Exercise instructions — Go through the listing below and repeat it exactly, dropping the pictures.

--- Data shown Enclosed Below ---

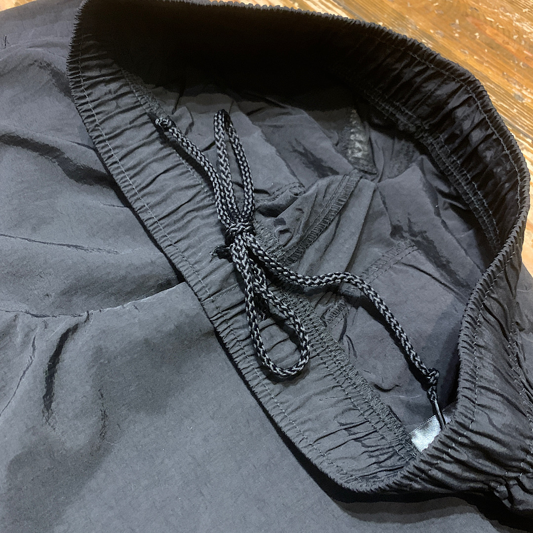 ミリタリー用トレーニングウェアをモチーフにし、シワ加工でナイロン素材ながらもコットンのような雰囲気です。
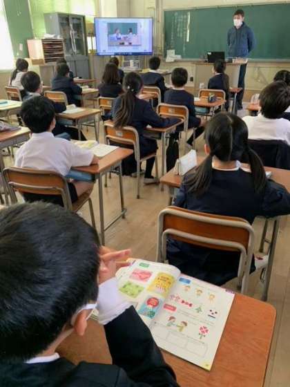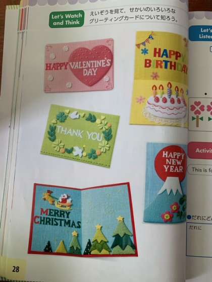 授業の中で、グリーティングカードについて、英語で教えてもらっていました。時々、担任の先生が、フォローして説明してくださってましたが、何となく理解できている様子の子もいました。CーNETの英語を聞いて、どんどん活用しながら力をつけていってほしいです。
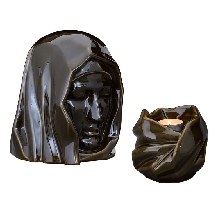 Keramische Verbrennunge Art Urne ´Holy Mother´ Grün Geölt Vorteilset (5,1 und 0,48 Liter)
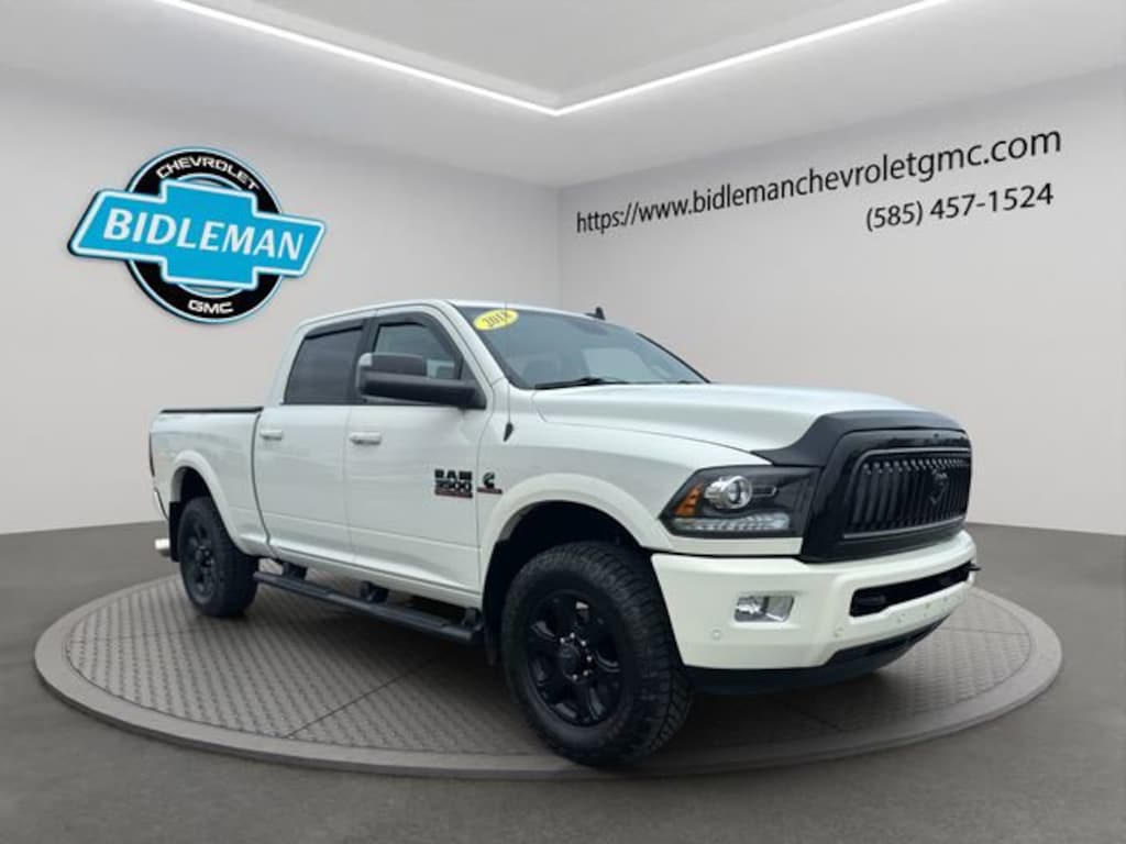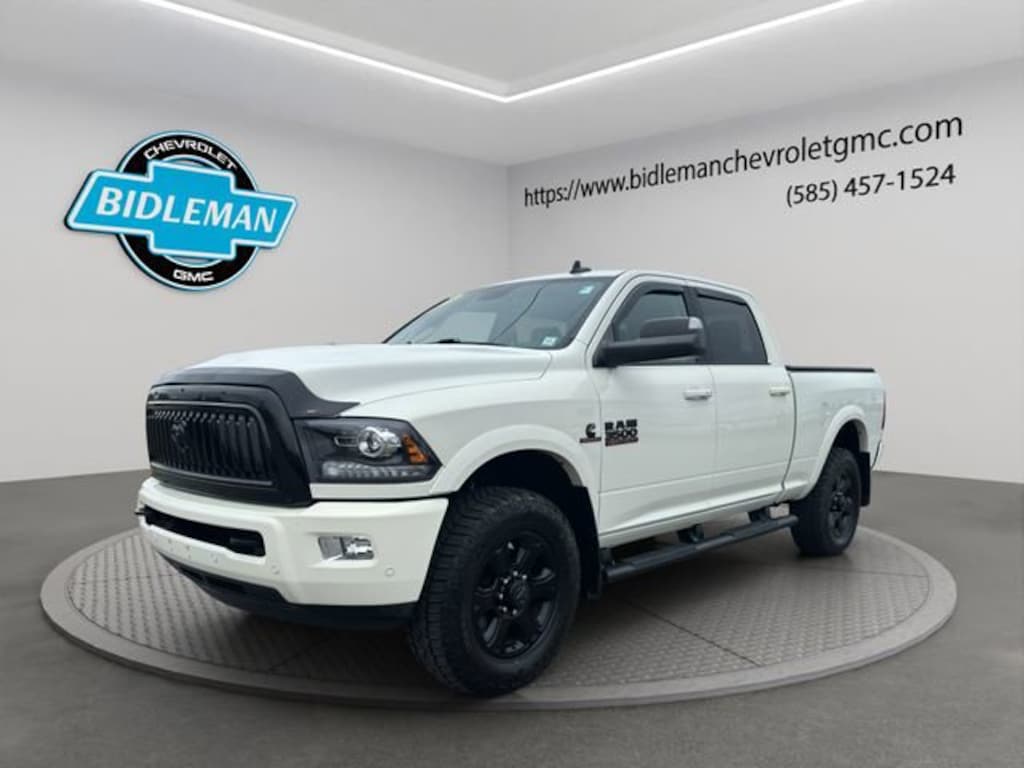 **4 X 4**, 10 Speakers, 220 Amp Alternator, 40/20/40 Split Bench Seat, 5th Wheel/Gooseneck Towing Prep Group, Automatic temperature control, Bi-Function Black Projector Headlamp, Black MIC Exterior Mirrors, Black Premium Tail Lamp, Black Wheel Center Hub, Body Color Door Handles, Body Color Grille w/RAM, Electronically Controlled Throttle, Folding Flat Load Floor Storage, Front Armrest w/Cupholders, Front Center Seat Cushion Storage, Heated steering wheel, High Back Seats, Highline Door Trim Panel, Instrument Panel Premium Bezel, Leather Trim Sport Front Bench Seat, Painted Front Bumper, Painted Rear Bumper, Power Fold Black Trailer Tow Mirror w/Memory, Power Lumbar Adjust, Power Sunroof, Quick Order Package 2FH Laramie, Rear 60/40 Split Folding Seat, Sport Appearance Group, Storage Tray, Ventilated Front Seats, Wheels: 20 x 8.0 Black Painted Aluminum.CARFAX One-Owner. Pearl White 2018 Ram 3500 Laramie4WD 6-Speed Automatic Cummins 6.7L I6 Turbodiesel Odometer is 20160 miles below market average!

--- End of Enclosed Data shown ---

Response for this exercise —
 ミリタリー用トレーニングウェアをモチーフにし、シワ加工でナイロン素材ながらもコットンのような雰囲気です。
 授業の中で、グリーティングカードについて、英語で教えてもらっていました。時々、担任の先生が、フォローして説明してくださってましたが、何となく理解できている様子の子もいました。CーNETの英語を聞いて、どんどん活用しながら力をつけていってほしいです。
 Keramische Verbrennunge Art Urne ´Holy Mother´ Grün Geölt Vorteilset (5,1 und 0,48 Liter)
 **4 X 4**, 10 Speakers, 220 Amp Alternator, 40/20/40 Split Bench Seat, 5th Wheel/Gooseneck Towing Prep Group, Automatic temperature control, Bi-Function Black Projector Headlamp, Black MIC Exterior Mirrors, Black Premium Tail Lamp, Black Wheel Center Hub, Body Color Door Handles, Body Color Grille w/RAM, Electronically Controlled Throttle, Folding Flat Load Floor Storage, Front Armrest w/Cupholders, Front Center Seat Cushion Storage, Heated steering wheel, High Back Seats, Highline Door Trim Panel, Instrument Panel Premium Bezel, Leather Trim Sport Front Bench Seat, Painted Front Bumper, Painted Rear Bumper, Power Fold Black Trailer Tow Mirror w/Memory, Power Lumbar Adjust, Power Sunroof, Quick Order Package 2FH Laramie, Rear 60/40 Split Folding Seat, Sport Appearance Group, Storage Tray, Ventilated Front Seats, Wheels: 20 x 8.0 Black Painted Aluminum.CARFAX One-Owner. Pearl White 2018 Ram 3500 Laramie4WD 6-Speed Automatic Cummins 6.7L I6 Turbodiesel Odometer is 20160 miles below market average!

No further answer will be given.